Furthermore, the silane coupling agent (D) can contain a silane coupling agent having a vinyl group. As a result, vinyl groups are introduced onto the surfaces of the silica particles (C). Therefore, during curing of the silicone rubber-based curable composition, that is, a hydrosilylation reaction occurs between the vinyl group of the vinyl group-containing organopolysiloxane (A) and the hydride group of the organohydrogenpolysiloxane (B). , When a network (crosslinked structure) is formed by these, the vinyl groups possessed by the silica particles (C) also participate in the hydrosilylation reaction with the hydride groups possessed by the organohydrogenpolysiloxane (B). Silica particles (C) also come to be taken in. As a result, it is possible to reduce the hardness and increase the modulus of the formed silicone rubber.

As the silane coupling agent (D), a silane coupling agent having a hydrophobic group and a silane coupling agent having a vinyl group can be used in combination.

Examples of the silane coupling agent (D) include those represented by the following formula (4).

_Yn -Si-(X) _4-n (4)
In the above formula (4), n represents an integer of 1-3. Y represents a functional group having a hydrophobic group, a hydrophilic group or a vinyl group, and when n is 1 it is a hydrophobic group, and when n is 2 or 3 at least one of It is a hydrophobic group. X represents a hydrolyzable group.

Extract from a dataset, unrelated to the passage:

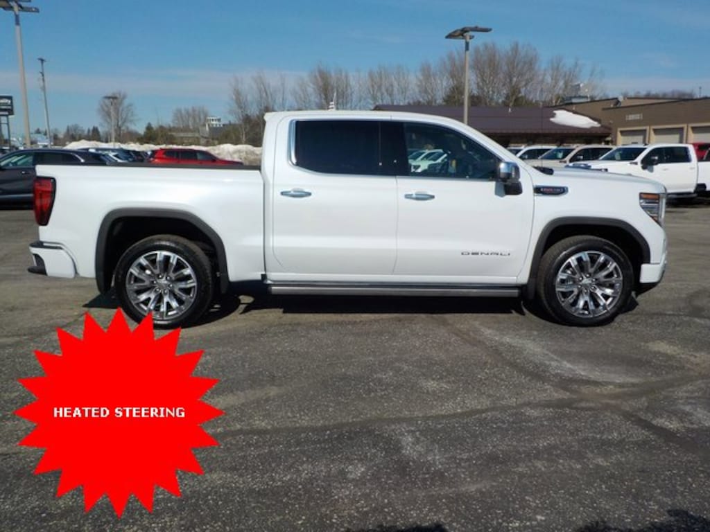 $9,784 off MSRP! Sierra 1500 Denali, 4D Crew Cab, EcoTec3 6.2L V8, 10-Speed Automatic, 4WD, Glacier White Tricoat, Atmosphere/Brownstone Leather, 120-Volt Bed Mounted Power Outlet, 120-Volt Interior Power Outlet, 170 Amp Alternator, 2 Charge/Data USB Ports Inside Center Console, 2 Type-C Charge-Only Rear USB Ports, 2 USB Ports, Auto-Locking Rear Differential, Auxiliary External Transmission Oil Cooler, Bed View Camera, Black Recovery Hooks, Chrome Header with Signature Denali Chrome Grille, Chrome Wheel to Wheel Assist Steps, Color-Keyed Carpeting Floor Covering, Deep-Tinted Glass, Denali Premium Suspension with Adaptive Ride Control, Denali Reserve Super Package, Electric Rear-Window Defogger, Floor-Mounted Center Console, Front Rain-Sensing Wipers, GMC MultiPro Power Steps, HD Surround Vision, Heated 2nd Row Outboard Seats, Heated Driver and Front Outboard Passenger Seating, Heavy-Duty Air Filter, Hill Descent Control, Hitch Guidance, Hitch View, in-Vehicle Trailering System App, Integrated Trailer Brake Controller, Keyless Open and Start, LED Cargo Area Lighting, Multicolor 15 Diagonal Head-Up Display, OnStar Services Capable, Perimeter Lighting, Power Door Locks, Power Front Passenger Windows with Express Up/Down, Power Front Windows with Driver Express Up/Down, Power Rake and Telescoping Steering Column, Power Rear Windows with Express Down, Power Sliding Rear Window with Rear Defogger, Power Sunroof, Preferred Equipment Group 5SA, Premium Bose 7-Speaker Sound System, Push Button Start, Rear Camera Mirror, Rear Cross Traffic Braking, Rear Pedestrian Detection, Rear Wheelhouse Liners, Remote Vehicle Starter System, SiriusXM with 360L Trial Subscription, Spray-on Pickup Bedliner with GMC Logo, Steering Wheel Audio Controls, Super Cruise, Super Cruise Wrapped Steering Wheel, Technology Package, Theft Deterrent System (unauthorized Entry), Trailer Camera Provisions, Trailer Side Blind Zone Alert, Trailering Package, Ultrasonic Front and Rear Park Assist, Universal Home Remote, Ventilated Driver and Front Passenger Seats, Wheel Locks (set of 4), Wheels: 20 x 9 Multi-Dimensional Polished Aluminum, Wheels: 22 x 9 Painted Aluminum, Wi-Fi Hotspot Capable, Wireless Charging.

The hydrophobic group is an alkyl group having 1 to 6 carbon atoms, an aryl group, or a hydrocarbon group having a combination thereof, and examples thereof include a methyl group, an ethyl group, a propyl group, a phenyl group, and the like. Methyl groups are preferred.

In addition, the hydrophilic group includes, for example, a hydroxyl group, a sulfonic acid group, a carboxyl group, a carbonyl group, etc. Among them, a hydroxyl group is particularly preferable. The hydrophilic group may be contained as a functional group, but is preferably not contained from the viewpoint of imparting hydrophobicity to the silane coupling agent (D).

Further, the hydrolyzable group includes an alkoxy group such as a methoxy group and an ethoxy group, a chloro group, a silazane group, and the like. Among them, a silazane group is preferable because of its high reactivity with the silica particles (C). A compound having a silazane group as a hydrolyzable group has two structures of (Y _n —Si—) in the above formula (4) due to its structural characteristics.

Specific examples of the silane coupling agent (D) represented by the above formula (4) are as follows.
Those having a hydrophobic group as the functional group include, for example, methyltrimethoxysilane, dimethyldimethoxysilane, phenyltrimethoxysilane, methyltriethoxysilane, dimethyldiethoxysilane, phenyltriethoxysilane, n-propyltrimethoxysilane, alkoxysilanes such as n-propyltriethoxysilane, hexyltrimethoxysilane, hexyltriethoxysilane, decyltrimethoxysilane; chlorosilanes such as methyltrichlorosilane, dimethyldichlorosilane, trimethylchlorosilane, phenyltrichlorosilane; hexamethyldisilazane. is mentioned. Among these, a silane coupling agent having a trimethylsilyl group containing one or more selected from the group consisting of hexamethyldisilazane, trimethylchlorosilane, trimethylmethoxysilane, and trimethylethoxysilane is preferred.

Examples of those having a vinyl group as the functional group include methacryloxypropyltriethoxysilane, methacryloxypropyltrimethoxysilane, methacryloxypropylmethyldiethoxysilane, methacryloxypropylmethyldimethoxysilane, vinyltriethoxysilane, and vinyltrimethoxysilane. alkoxysilanes such as silane and vinylmethyldimethoxysilane; chlorosilanes such as vinyltrichlorosilane and vinylmethyldichlorosilane; and divinyltetramethyldisilazane. Among these, methacryloxypropyltriethoxysilane, methacryloxypropyltrimethoxysilane, methacryloxypropylmethyldiethoxysilane, methacryloxypropylmethyldimethoxysilane, divinyltetramethyldisilazane, vinyltriethoxysilane, vinyltrimethoxysilane, and vinyl A silane coupling agent having a vinyl group-containing organosilyl group containing one or more selected from the group consisting of methyldimethoxysilane is preferred.

Further, when the silane coupling agent (D) contains two kinds of a silane coupling agent having a trimethylsilyl group and a silane coupling agent having a vinyl group-containing organosilyl group, those having a hydrophobic group include hexamethyldisilazane, Divinyltetramethyldisilazane is preferably included as one having a vinyl group.

When the silane coupling agent (D1) having a trimethylsilyl group and the silane coupling agent (D2) having a vinyl group-containing organosilyl group are used in combination, the ratio of (D1) and (D2) is not particularly limited, but for example, (D1):(D2) in a weight ratio of 1:0.001 to 1:0.35, preferably 1:0.01 to 1:0.20, more preferably 1:0.03 to 1:0 .15. Desired physical properties of the silicone rubber can be obtained by setting it to such a numerical range. Specifically, the dispersibility of silica in the rubber and the crosslinkability of the rubber can be balanced.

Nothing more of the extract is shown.